▼

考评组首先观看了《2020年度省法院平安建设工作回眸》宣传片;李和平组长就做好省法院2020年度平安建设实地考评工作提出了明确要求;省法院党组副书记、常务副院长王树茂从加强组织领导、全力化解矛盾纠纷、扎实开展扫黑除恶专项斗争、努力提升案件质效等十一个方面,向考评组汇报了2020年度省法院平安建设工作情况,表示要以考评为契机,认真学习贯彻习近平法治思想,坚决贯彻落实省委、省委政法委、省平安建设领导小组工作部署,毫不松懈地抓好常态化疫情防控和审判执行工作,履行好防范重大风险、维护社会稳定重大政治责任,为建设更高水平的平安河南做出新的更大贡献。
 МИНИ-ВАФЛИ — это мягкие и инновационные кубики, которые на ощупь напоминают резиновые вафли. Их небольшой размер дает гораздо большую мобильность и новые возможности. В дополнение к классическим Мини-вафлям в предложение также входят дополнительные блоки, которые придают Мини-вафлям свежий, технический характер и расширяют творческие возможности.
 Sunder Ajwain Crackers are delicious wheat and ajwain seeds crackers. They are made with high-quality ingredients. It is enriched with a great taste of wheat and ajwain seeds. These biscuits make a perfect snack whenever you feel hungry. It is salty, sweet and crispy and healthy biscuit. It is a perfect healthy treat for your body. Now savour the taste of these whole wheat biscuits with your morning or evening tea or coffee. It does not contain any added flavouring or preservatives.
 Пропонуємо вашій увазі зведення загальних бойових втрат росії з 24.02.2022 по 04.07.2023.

▲
▼

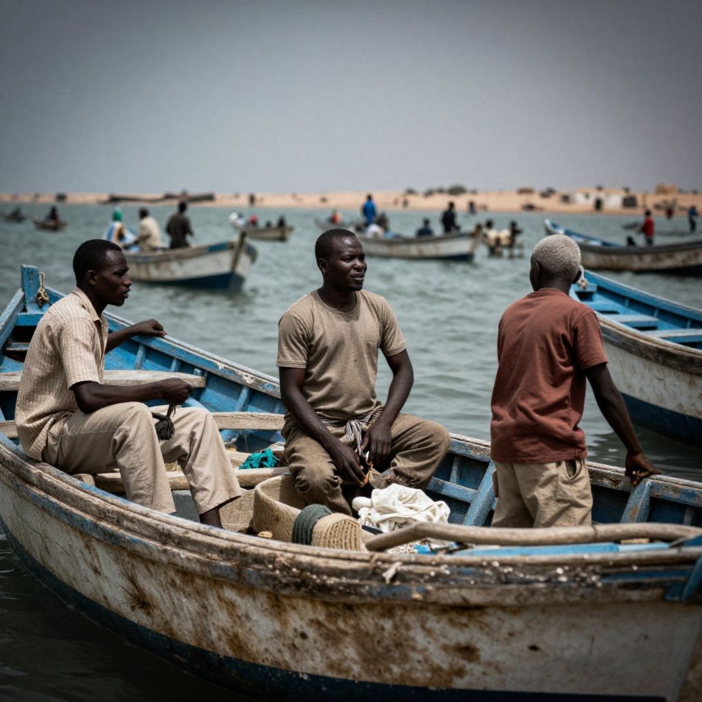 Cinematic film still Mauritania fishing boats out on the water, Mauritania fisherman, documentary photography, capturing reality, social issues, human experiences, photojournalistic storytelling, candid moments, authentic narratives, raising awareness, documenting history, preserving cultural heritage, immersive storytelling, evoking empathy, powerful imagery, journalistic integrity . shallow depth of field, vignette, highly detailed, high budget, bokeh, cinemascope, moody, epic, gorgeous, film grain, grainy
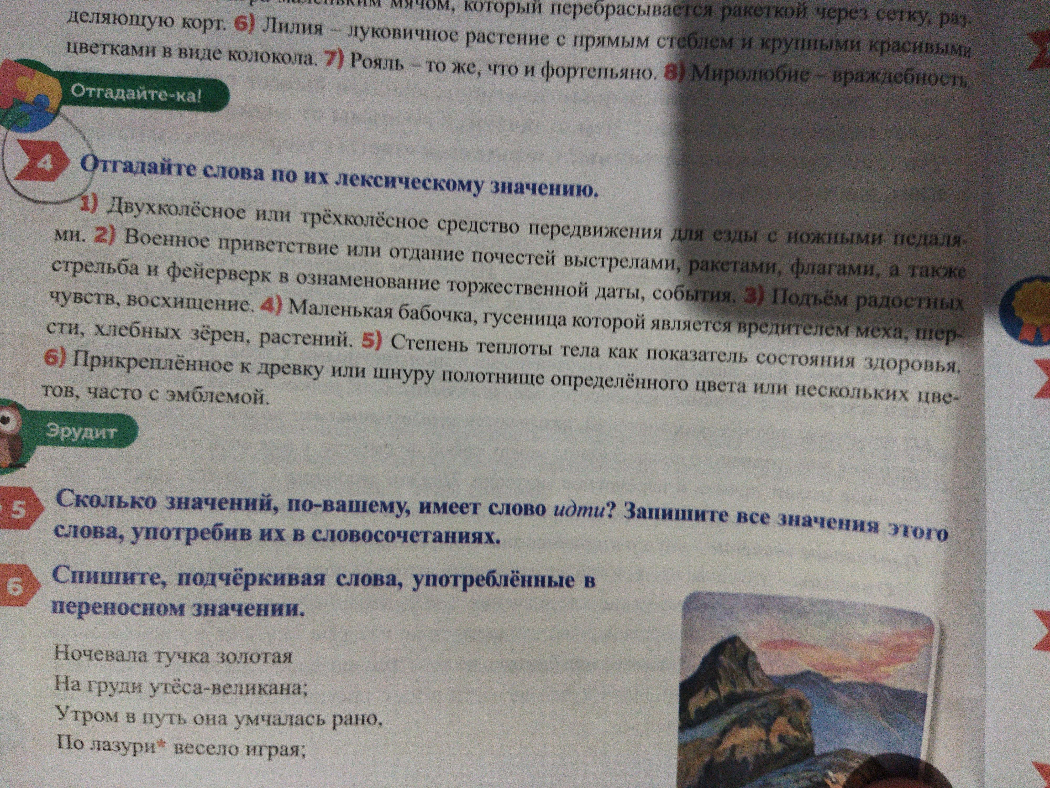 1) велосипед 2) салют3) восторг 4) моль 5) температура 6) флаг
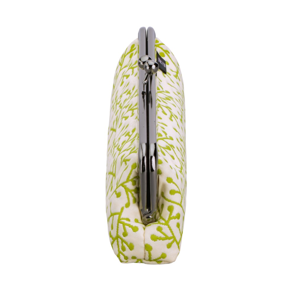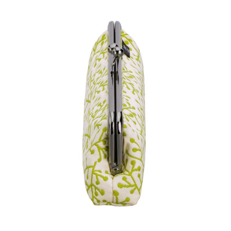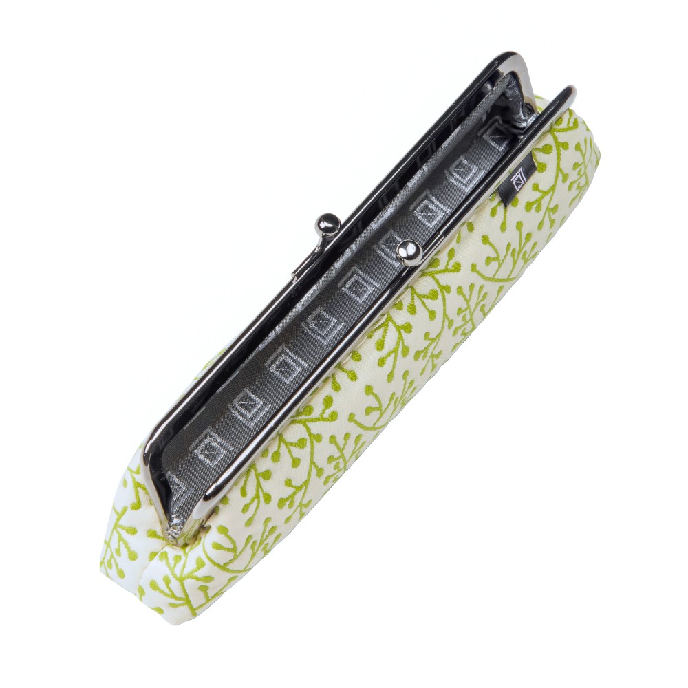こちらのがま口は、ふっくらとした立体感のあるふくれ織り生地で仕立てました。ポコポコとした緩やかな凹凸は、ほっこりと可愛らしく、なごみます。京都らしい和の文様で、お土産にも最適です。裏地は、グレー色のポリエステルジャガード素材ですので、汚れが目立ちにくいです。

▲

_What you have to do_: Retype exactly the span of lines from the one with "考评组首先观看了《2020年" through the one with "Пропонуємо вашій увазі"; include both ends and omit the rest of the material.

_Answer to this task_:
考评组首先观看了《2020年度省法院平安建设工作回眸》宣传片;李和平组长就做好省法院2020年度平安建设实地考评工作提出了明确要求;省法院党组副书记、常务副院长王树茂从加强组织领导、全力化解矛盾纠纷、扎实开展扫黑除恶专项斗争、努力提升案件质效等十一个方面,向考评组汇报了2020年度省法院平安建设工作情况,表示要以考评为契机,认真学习贯彻习近平法治思想,坚决贯彻落实省委、省委政法委、省平安建设领导小组工作部署,毫不松懈地抓好常态化疫情防控和审判执行工作,履行好防范重大风险、维护社会稳定重大政治责任,为建设更高水平的平安河南做出新的更大贡献。
 МИНИ-ВАФЛИ — это мягкие и инновационные кубики, которые на ощупь напоминают резиновые вафли. Их небольшой размер дает гораздо большую мобильность и новые возможности. В дополнение к классическим Мини-вафлям в предложение также входят дополнительные блоки, которые придают Мини-вафлям свежий, технический характер и расширяют творческие возможности.
 Sunder Ajwain Crackers are delicious wheat and ajwain seeds crackers. They are made with high-quality ingredients. It is enriched with a great taste of wheat and ajwain seeds. These biscuits make a perfect snack whenever you feel hungry. It is salty, sweet and crispy and healthy biscuit. It is a perfect healthy treat for your body. Now savour the taste of these whole wheat biscuits with your morning or evening tea or coffee. It does not contain any added flavouring or preservatives.
 Пропонуємо вашій увазі зведення загальних бойових втрат росії з 24.02.2022 по 04.07.2023.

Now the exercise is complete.